(Skirt Up: This is my favorite photo in the exhibition. It was taken during a memorial service to pay tribute to the British soldiers died in the fighting against the Japanese invasion of Hong Kong. The memorial service was held once a year in Hong Kong during the Bristish colonial rule. It still is but not at the Cenotaph adjoining the Statue Square in Central)
I am just back from the “Imaging Hong Kong” photography exhibition. Some of the exhibited photos were intriguing in the way they were presented. Photography has a very long history in Hong Kong, which is actually as long as since the French government announced the invention of photography in 1839. Not long afterwards in 1845, the first photographic studio was established by a Mr West at Sydenham Terrace near Queen’s Road Central, Hong Kong. In the beginning, under the British colonial rule, all the photographers in Hong Kong were expats but in around 1860, local Chinese photographers began to emerge. Among them Afong Lai, owner of the locally renowned Afong Studio, was especially famed. Both foreign and local customers praised Afong for his scenery and portrait works. His works are available for sale in different countries and on the Internet.

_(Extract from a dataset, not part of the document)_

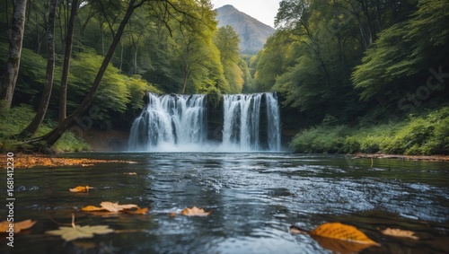 © TheWaterMeloonProjec, Obraz premium Serene waterfall surrounded by dense trees

(3-D Marketplace: The photographers made a large print of the photo and painstakingly pasted same overlapping images on the large print to present the marketplace in a three dimensional way)
Art photography was first recorded in Hong Kong around 1888, when a photography group called the Camera Club exhibited some ninety photographs in the City Hall, the then only performing and cultural complex here. But it was only until the late 1920s to the 1930s when the art photography scene became livelier, with annual photo contests and the emergence of more photographic societies. The number of art photographers further increased in the 1950s, among whom many won entries or awards in international photographic salons, making some hail Hong Kong as the “The Kingdom of Photography”.
(Recording Redevelopment: Another photographer consistently took pictures of the street from its prime time with old shops (the middle row of photos) to its doomsday (rows of photos both ways from the middle row) when the government forced a redevelopment of it )
Generally speaking, local photographic works prior to the 1970s belonged to the style of Pictorialism, which aspired to make photographs look like paintings following classical rules of composition and with didactic messages. In the late 1970s and early 1980s, the first generation of post-war, locally-born photographers arose; man were educated abroad for new ideas about photography. These photographers representing a “new school” advocating the aesthetics of “straight photography” which argued that a photographer should explore the medium’s intrinsic properties and truthfully express the nature of the subjects through his or her viewpoints. In the 1990s, under the influence of postmodernism and post-colonialism, some photographers produced works that emphasised symbolic meanings and cultural awareness instead of forms. A noticeably greater diversity of art photography styles started to breed and has been carrying on the evolution until today.
Besides this, I had the opportunity to see some old camera exhibits a month ago. The Leica prototype of one of its early 35mm cameras, the Compur model, interested me the most, also not least was the Konica C35AF. The Camerapedia.org puts it this way, “The C35AF is a "milestone" camera in that it was the world's first production autofocus camera. It used the "Visitronic" AF system developed and produced by Honeywell. This was a "passive" rather than the subsequently more popular "active" system (annouced two years later by Canon in the AF35M).”
(Konica C35AF. Too dim, no flash allowed and a bit blurry)
So, we are in a way given a tool passed on by people from as far back as over 150 years ago. In the "Imaging Hong Kong" exhibition, I admired some old photos a lot as they recorded the daily life as it was in the old days. This strike me that photographers, besides having fun in taking photos, have a duty somehow to use the tool to give the memory back to the next generations.